EXERCISE: Starting at the first line of the listing below, retype each line up to and including the one that contains "Á¦Ãµ Ãâ½ÅÀÎ ÃÖ¿µÅ ´ëÇ¥À̻簡". Leave pictures out.

** Opening DATA SECTION block **

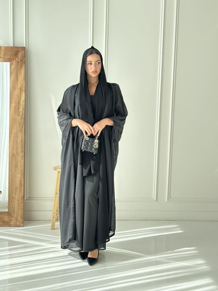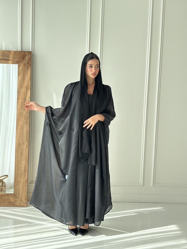 - الطرحة: تأتي مطرزة بالكامل بلون أسود، ومصممة لتكمل العباية بلمسة احترافية.
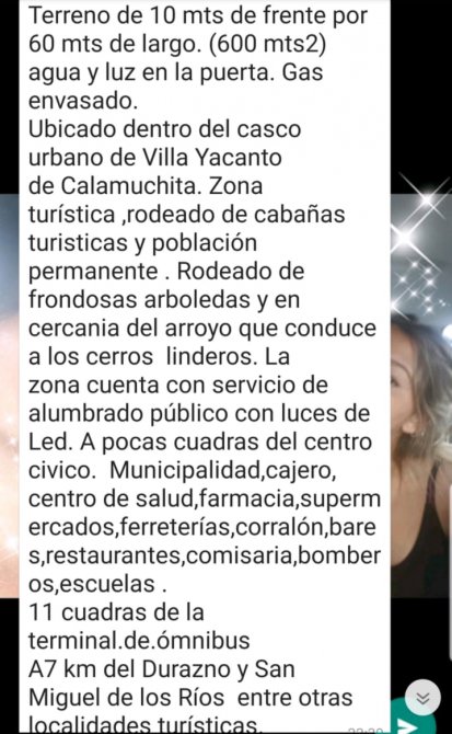 Hermoso Lote de 10 metros de frente x60 metros de fondo, total de 600 metros cuadrados ubicado dentro del casco de Villa Yacanto Calamuchita.
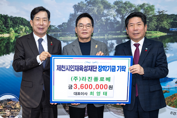 Á¦Ãµ Ãâ½ÅÀÎ ÃÖ¿µÅ ´ëÇ¥À̻簡 À̲ô´Â ¢ß¶óÁøÇ÷κ£°¡ 27ÀÏ Á¦Ãµ½ÃÀå½ÇÀ» ¹æ¹®ÇØ Á¦Ãµ½ÃÀÎÀçÀ°¼ºÀç´Ü(ÀÌ»çÀå ÁöÁßÇö)¿¡ ÀåÇÐ±Ý 360¸¸ ¿øÀ» ±âŹÇß´Ù.
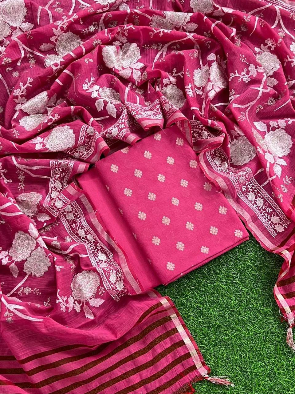 Expertly crafted with 2.5 mtr of heavy embroidery fancy jaal dupatta, a chanderi zari booti top, and a plain cotton silk bottom, the HEVYEMB set is the perfect combination of luxury and comfort. Indulge in the opulence of intricate embroidery and smooth, lightweight fabric, making it ideal for any occasion.

** Closing DATA SECTION block **

RESPONSE:
 - الطرحة: تأتي مطرزة بالكامل بلون أسود، ومصممة لتكمل العباية بلمسة احترافية.
 Hermoso Lote de 10 metros de frente x60 metros de fondo, total de 600 metros cuadrados ubicado dentro del casco de Villa Yacanto Calamuchita.
 Á¦Ãµ Ãâ½ÅÀÎ ÃÖ¿µÅ ´ëÇ¥À̻簡 À̲ô´Â ¢ß¶óÁøÇ÷κ£°¡ 27ÀÏ Á¦Ãµ½ÃÀå½ÇÀ» ¹æ¹®ÇØ Á¦Ãµ½ÃÀÎÀçÀ°¼ºÀç´Ü(ÀÌ»çÀå ÁöÁßÇö)¿¡ ÀåÇÐ±Ý 360¸¸ ¿øÀ» ±âŹÇß´Ù.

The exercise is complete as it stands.